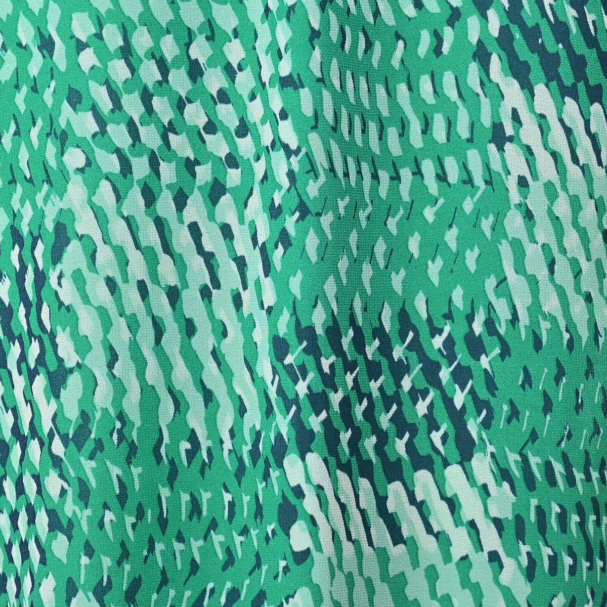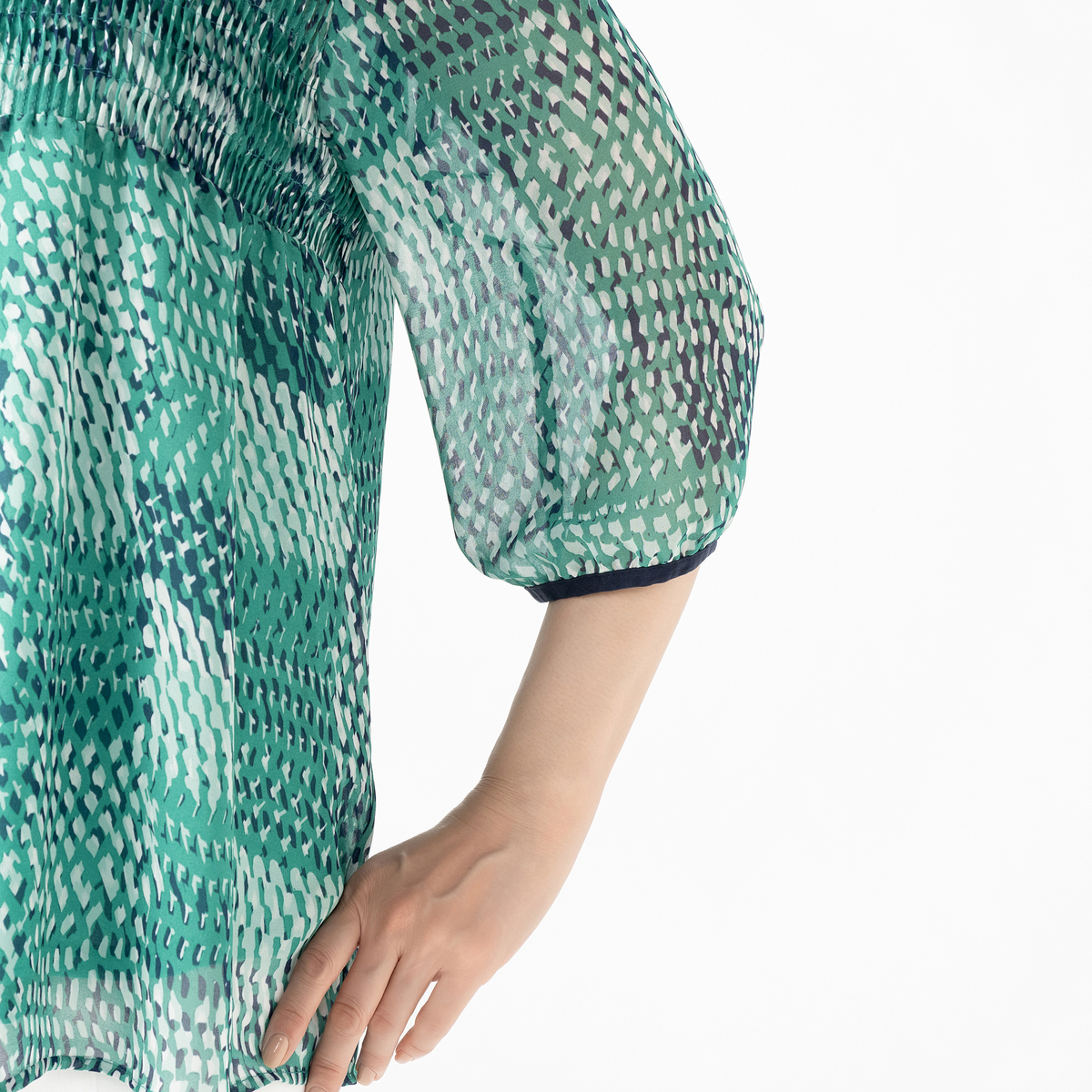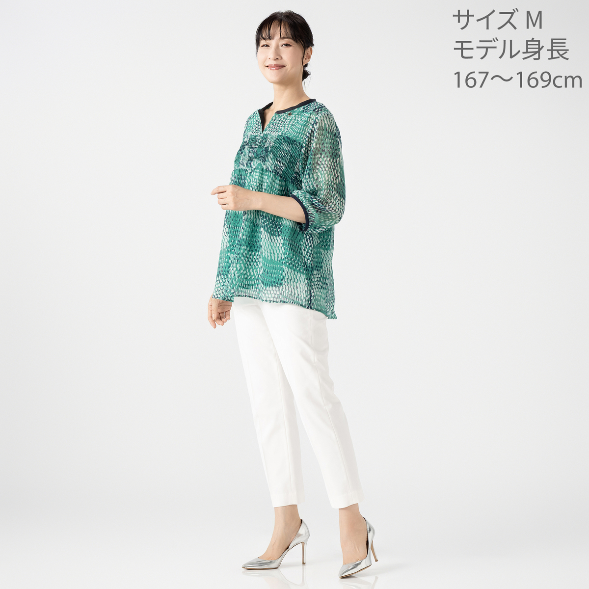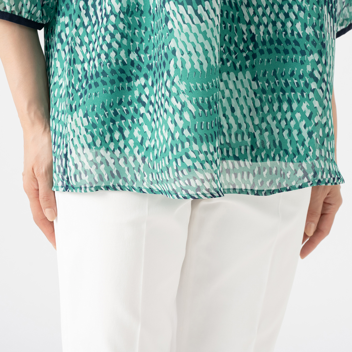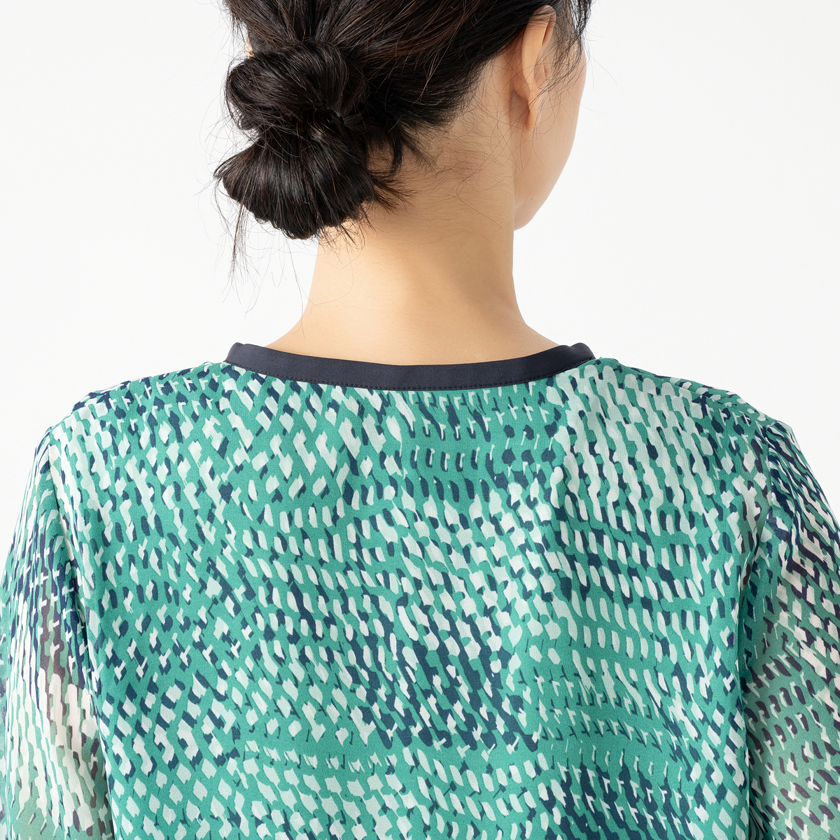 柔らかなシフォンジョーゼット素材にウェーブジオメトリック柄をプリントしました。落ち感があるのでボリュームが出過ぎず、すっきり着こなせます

* * *

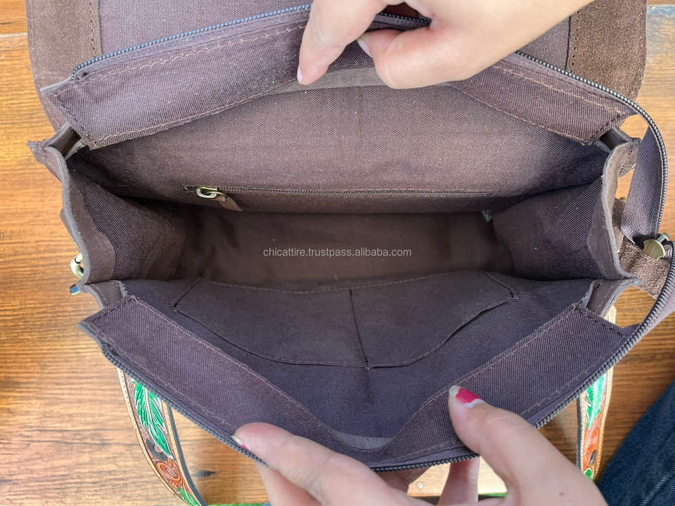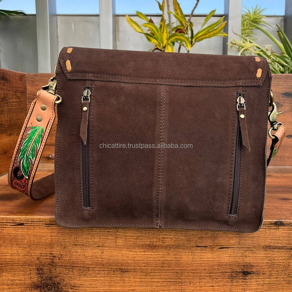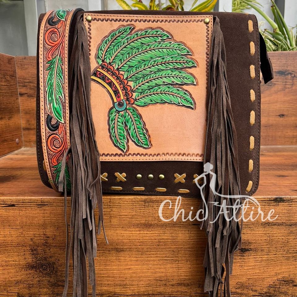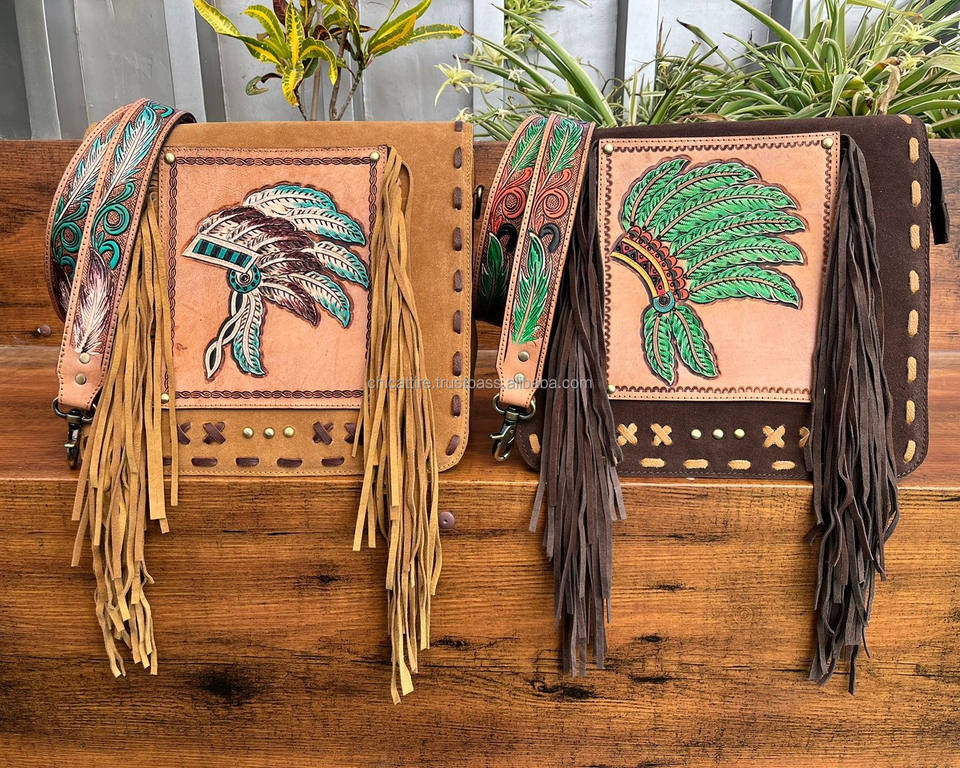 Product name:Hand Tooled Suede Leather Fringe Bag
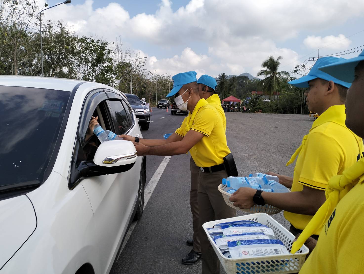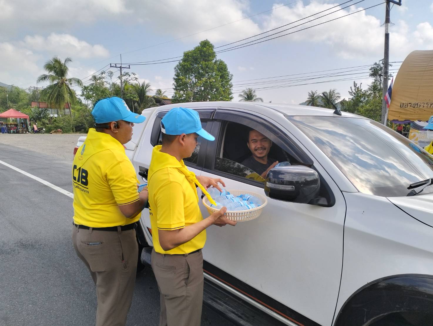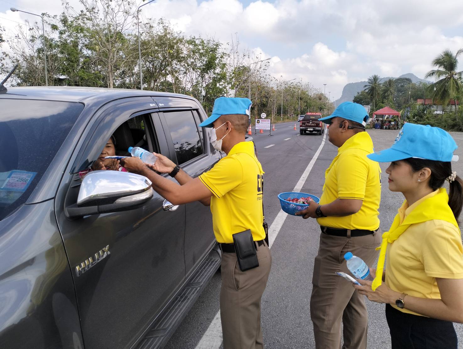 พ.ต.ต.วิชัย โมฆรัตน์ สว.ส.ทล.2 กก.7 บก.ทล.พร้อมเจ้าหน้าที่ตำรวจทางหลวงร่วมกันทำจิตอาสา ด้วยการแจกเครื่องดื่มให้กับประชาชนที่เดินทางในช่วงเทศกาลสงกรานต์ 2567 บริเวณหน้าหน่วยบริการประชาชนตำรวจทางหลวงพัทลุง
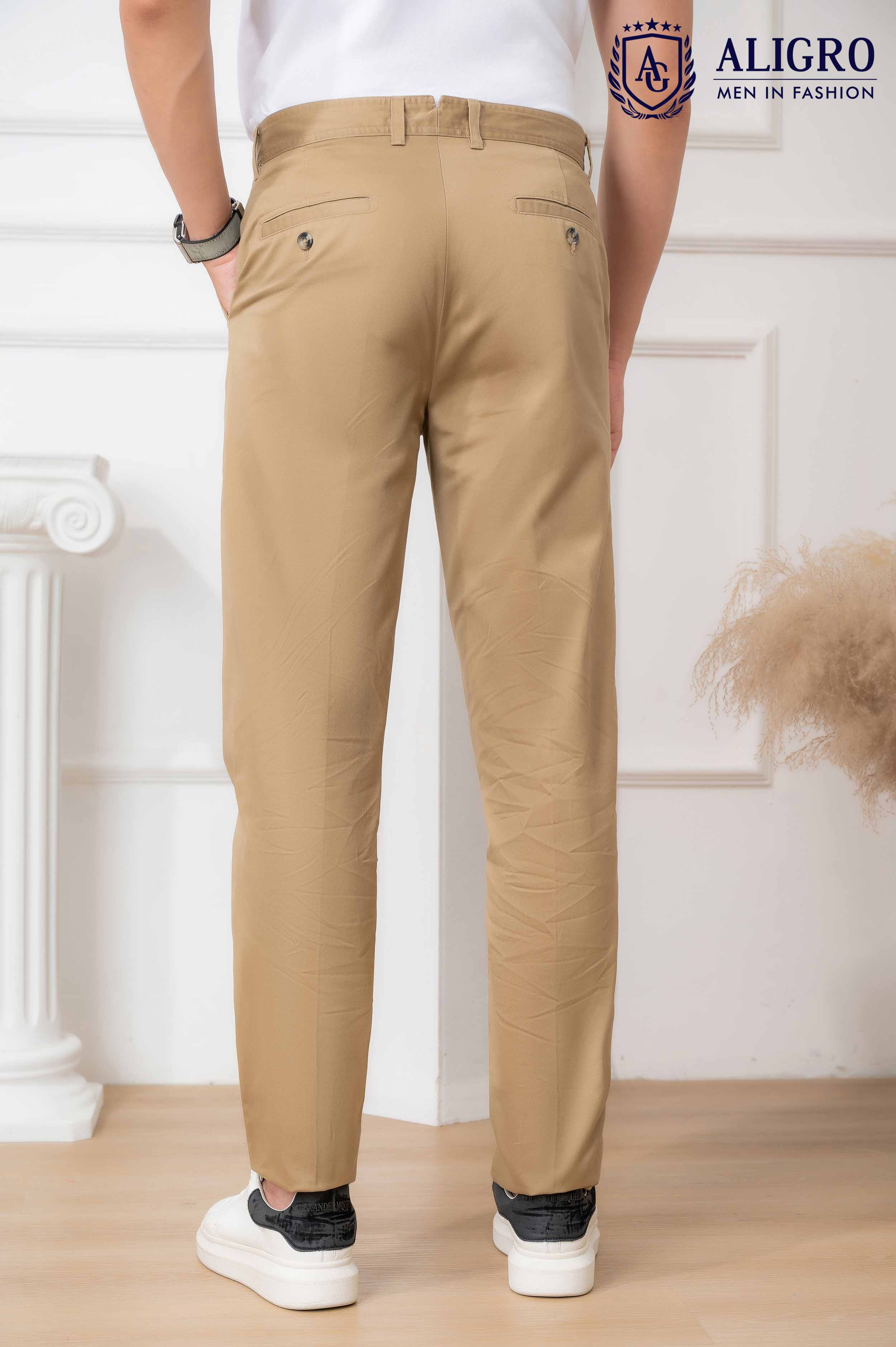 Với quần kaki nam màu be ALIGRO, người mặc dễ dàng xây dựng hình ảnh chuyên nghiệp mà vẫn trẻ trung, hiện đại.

* * *

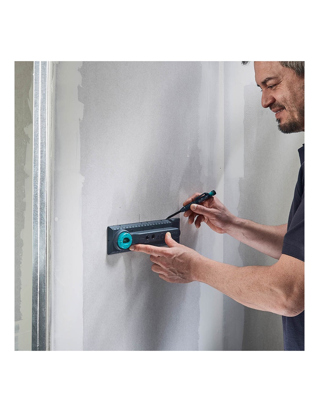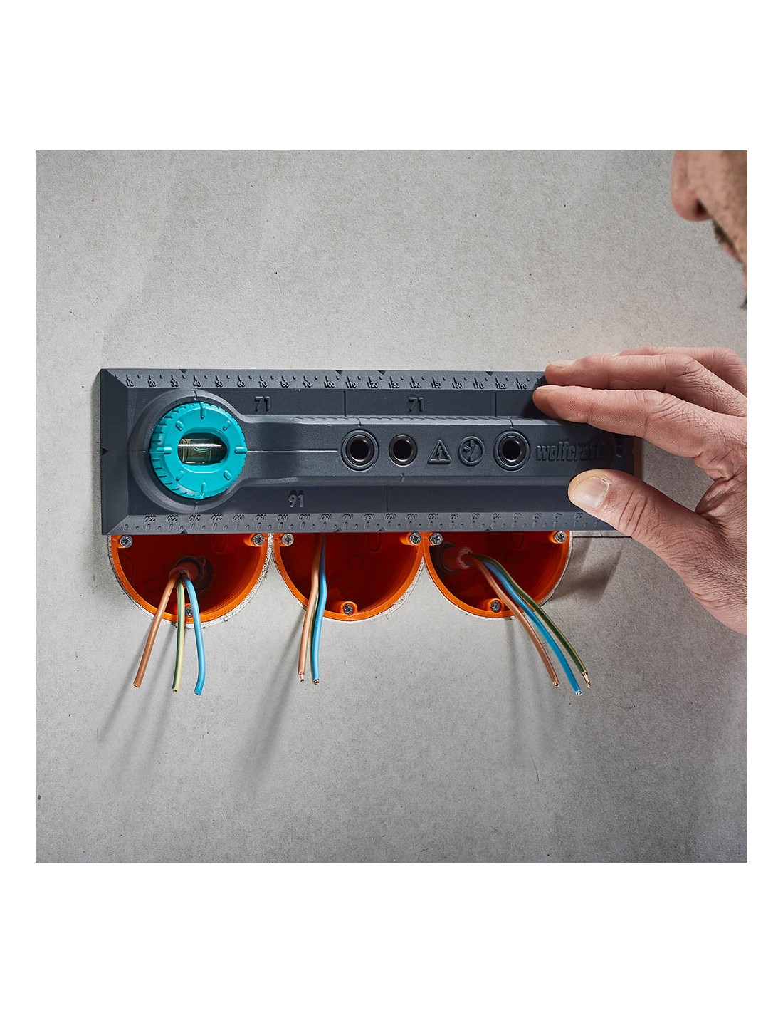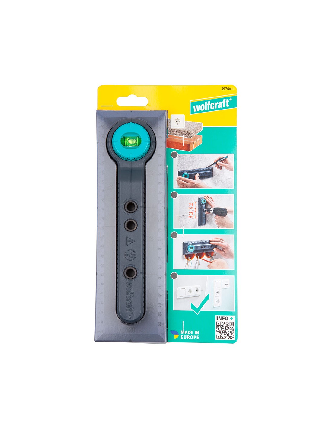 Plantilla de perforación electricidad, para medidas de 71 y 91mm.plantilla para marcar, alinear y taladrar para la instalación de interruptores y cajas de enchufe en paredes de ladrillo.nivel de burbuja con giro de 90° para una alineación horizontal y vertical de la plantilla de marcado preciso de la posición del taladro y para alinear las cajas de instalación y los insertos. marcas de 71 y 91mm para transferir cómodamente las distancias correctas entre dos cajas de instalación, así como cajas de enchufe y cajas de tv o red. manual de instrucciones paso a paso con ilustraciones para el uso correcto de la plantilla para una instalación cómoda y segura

Assignment
In the listing above, find the line with "Product name:Hand Tooled" and output it and every line after it up to and including the line with "Với quần kaki", exactly, minus the pictures.

Solution for this problem
 Product name:Hand Tooled Suede Leather Fringe Bag
 พ.ต.ต.วิชัย โมฆรัตน์ สว.ส.ทล.2 กก.7 บก.ทล.พร้อมเจ้าหน้าที่ตำรวจทางหลวงร่วมกันทำจิตอาสา ด้วยการแจกเครื่องดื่มให้กับประชาชนที่เดินทางในช่วงเทศกาลสงกรานต์ 2567 บริเวณหน้าหน่วยบริการประชาชนตำรวจทางหลวงพัทลุง
 Với quần kaki nam màu be ALIGRO, người mặc dễ dàng xây dựng hình ảnh chuyên nghiệp mà vẫn trẻ trung, hiện đại.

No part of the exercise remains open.